2022 é o duelo final

11 de junho de 2021 § 15 Comentários

Esta semana João Pereira Coutinho, o português que escreve na Folha nas terças-feiras e é das poucas coisas que ainda vale a pena ler na imprensa tradicional, brindou o público com “O Silêncio dos inocentes”, sobre a condição terminal da liberdade de expressão no Brasil e neste mundo da experiência histórica raleada pelo tsunami das redes sociais, onde lembra como “a intolerância perante a intolerância cavou a sua própria sepultura e fez com que os nazistas se tornassem célebres e chegassem finalmente ao poder”.

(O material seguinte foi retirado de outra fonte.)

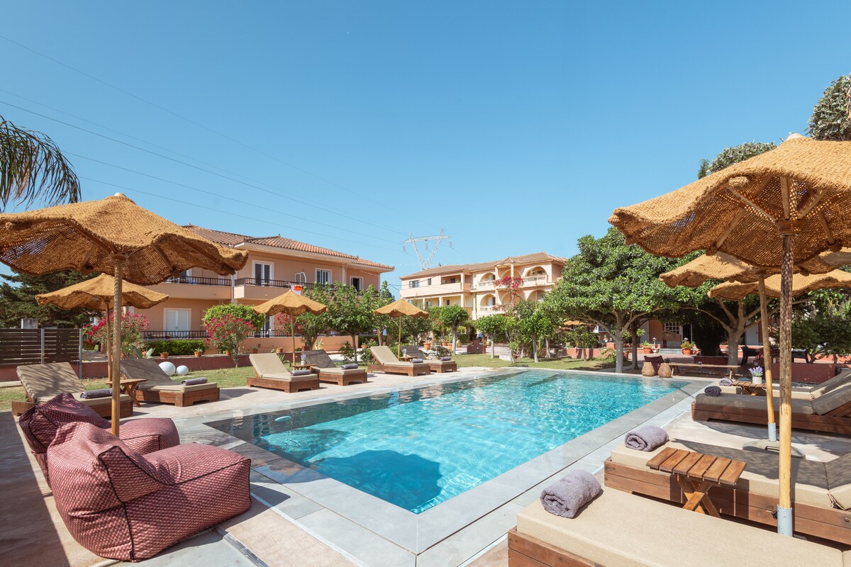 " Erietta" stoji veličastno na vrhu hriba in ponuja čudovit razgled na Jonsko morje. Apartma v "Erietta" je prostoren, udoben in daje občutek gostom, da so doma. Z vaše verande si lahko ogledate morje, vrt, bazen in oljke. V sklopu objekta se nahaja tudi bar-restoran, kjer lahko uživate v številnih grških in lokalnih jedeh. Ob dnevih, ko temperatura ni dovolj visoka za plavanje, lahko temperaturo bazena prilagodimo do 28°
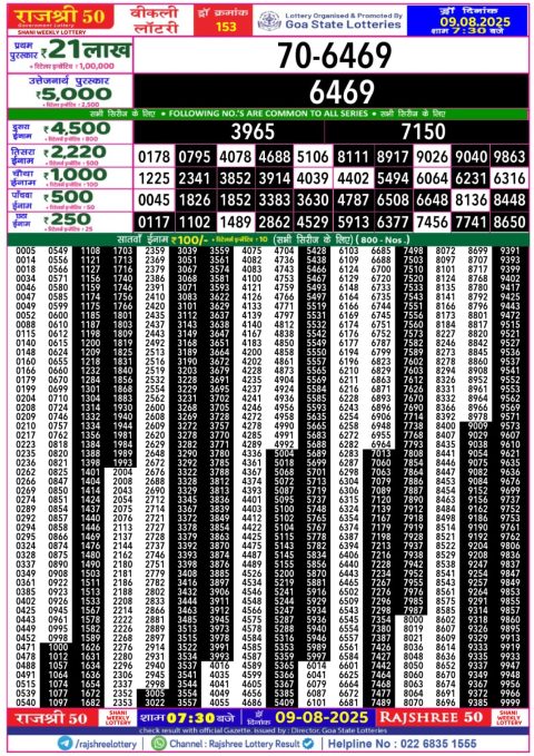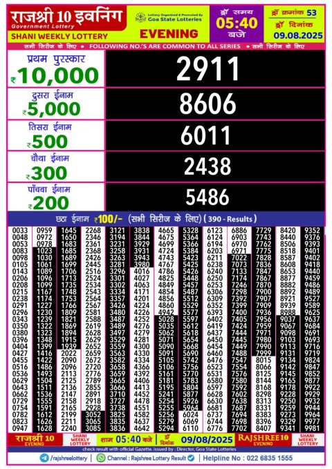 Rajshree Daily Lottery 1PM Result 10.08.2025
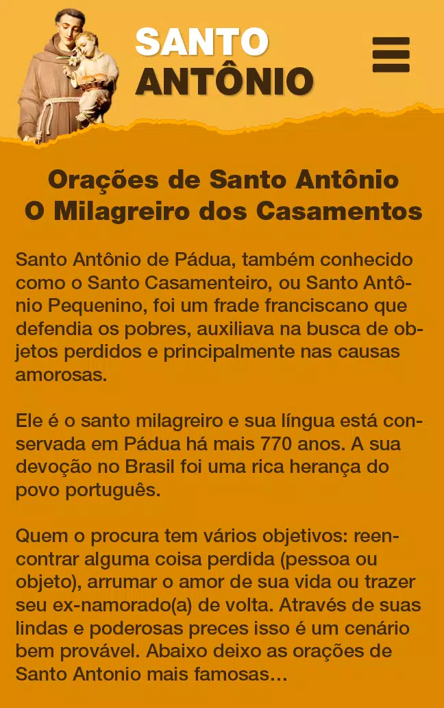 Dalam aplikasi ini Anda akan menemukan semua informasi dari Saint Anthony, santo mak comblang.
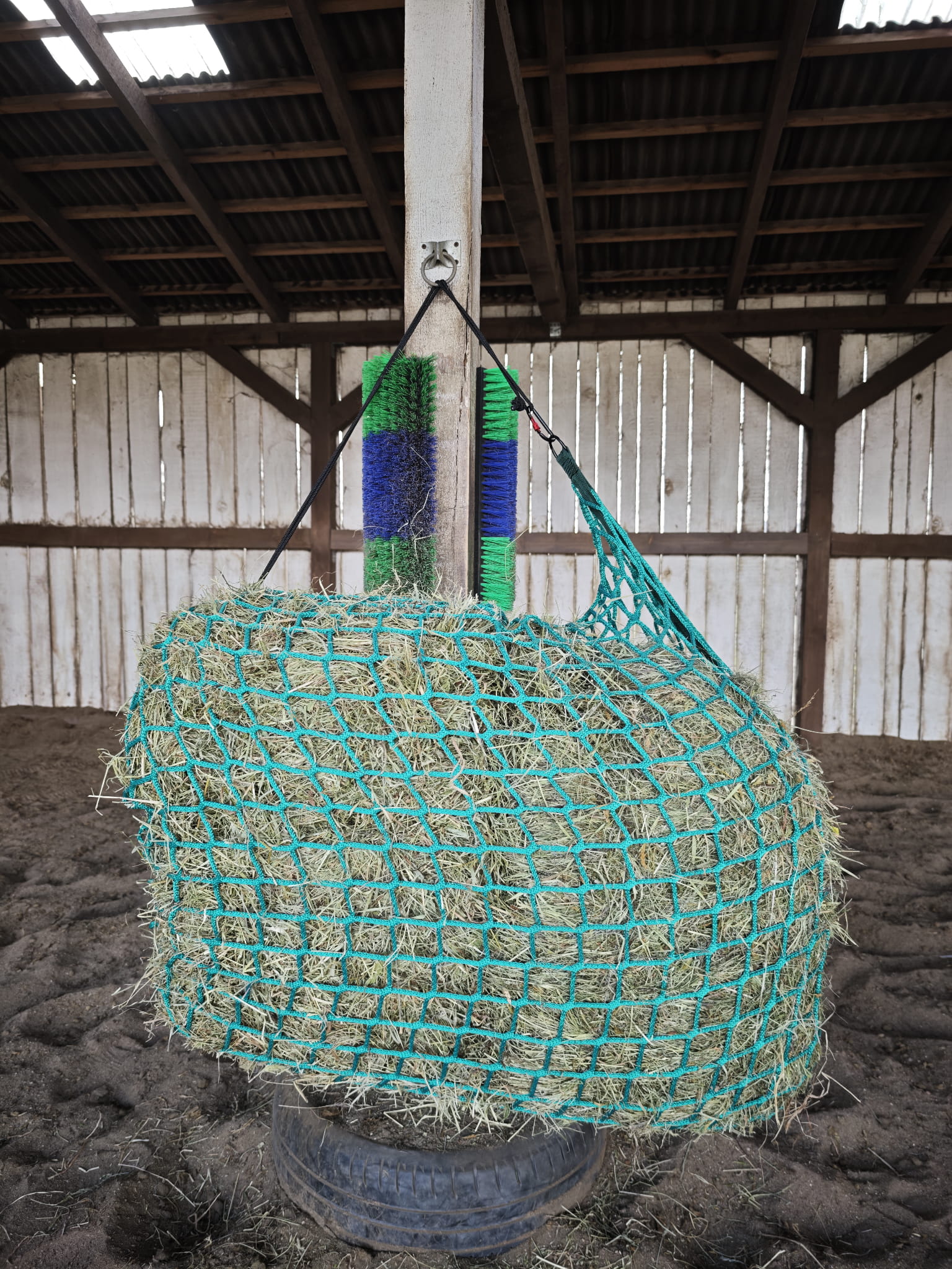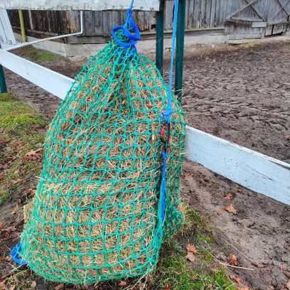- Bezpieczna przędza bezwęzłowa: Materiał jest gładki i miękki, co chroni delikatne chrapy konia przed otarciami, nawet przy intensywnym skubaniu siana.
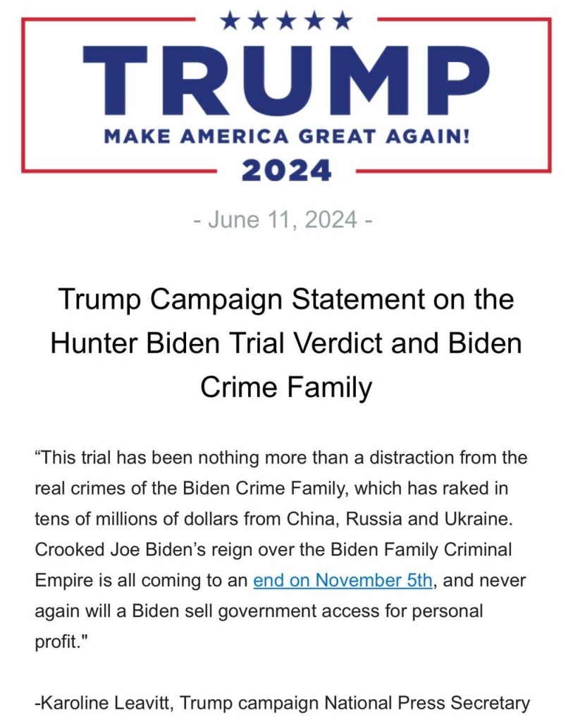 I’ve said it before and I’ll say it again: the Hunter Biden trial was a sham. It’s a smoke screen to legitimize the Trump conviction & to deflect attention from the Biden family’s actual likely crimes: selling off our foreign policy to make their family rich. Don’t fall for it.

A Republica de Weimar proibia o discurso de ódio, para usar a expressão da moda, e vários nazistas famosos como Joseph Goebbels foram processados por proclamações anti-semitas (…) o jornal nazista Der Stürmer foi repetidamente confiscado e seu editor, Julius Streicher, foi duas vezes preso. Resultado? O Partido Nazista, um grupelho desprezível em inícios da década de 1920, foi ficando cada vez mais célebre por causa desses processos que (faziam com que seus membros) parecessem vitimas da perseguição política … e mártires da liberdade de expressão”.

Aos que acreditam que pela punição já do discurso livre será possível defender os direitos das minorias”, seguia Pereira Coutinho citando Free speech and why it maters, de Andrew Doyle, “basta lembrar a questão fatal: será que os direitos das minorias, hoje, são mais bem defendidos em países que restringem a liberdade de expressão? É melhor ser transexual nos Estados Unidos, onde existe a Primeira Emenda, ou no Irã e na Arábia Saudita?

Historicamente falando, foi a liberdade de expressão que deu visibilidade e legitimidade à luta pelos direitos das minorias”, lembrava. “O que não é possível nem legítimo é atribuir ao Estado a capacidade de suprimir certas ideias ou opiniões simplesmente porque alguém, algures, as considera repugnantes (…) Conferir a um governo uma espécie de política de gosto sobre o que pode ser dito ou escrito na arena pública parte sempre do pressuposto otimista de que as causas do momento serão eternas (…) Em 1936 o Partido Trabalhista britânico aprovou legislação para proibir as marchas fascistas de Oswald Mosley. Na década de 80, Margareth Tatcher usou a mesma legislação para prender os mineiros em greve”.

Fosse brasileiro ele poderia lembrar, como exemplo do percurso inverso, a Lei de Segurança Nacional criada pelos militares na década de 70 para prender comunistas e hoje usada pelos filo-comunistas brasileiros para prender anti-comunistas.

Moral da história? Defender a liberdade de expressão é, antes de tudo, impedir que as melhores intenções abram a porta aos piores intencionados”.

O horizonte de Joao Pereira Coutinho, preservado por um oceano de distância da doença brasileira é, como vimos, a História. Mas para os “piores intencionados” brasileiros é a “tomada do poder” amanhã ou nunca mais, e é isto que faz com que a primeira sensação de lufada de ar puro que tive da leitura de “O silêncio dos inocentes” fosse aos poucos convertendo-se em mero deleite com um devaneio poético.

Foi a alta classe média meritocrática que foi às ruas em 2013 e derrubou o PT do poder em ação extrema de legítima defesa. Com atraso como em tudo, foi essa a “Primavera Brasileira”, aparentada à “Primavera Árabe”: uma criatura da internet e da euforia que aquela rede do passado, ainda sem censura, provocou na primeira parcela da população que se integrou completamente nela, escapou ao ambiente político controlado pela privilegiatura e sua imprensa e tomou consciência da força que tem.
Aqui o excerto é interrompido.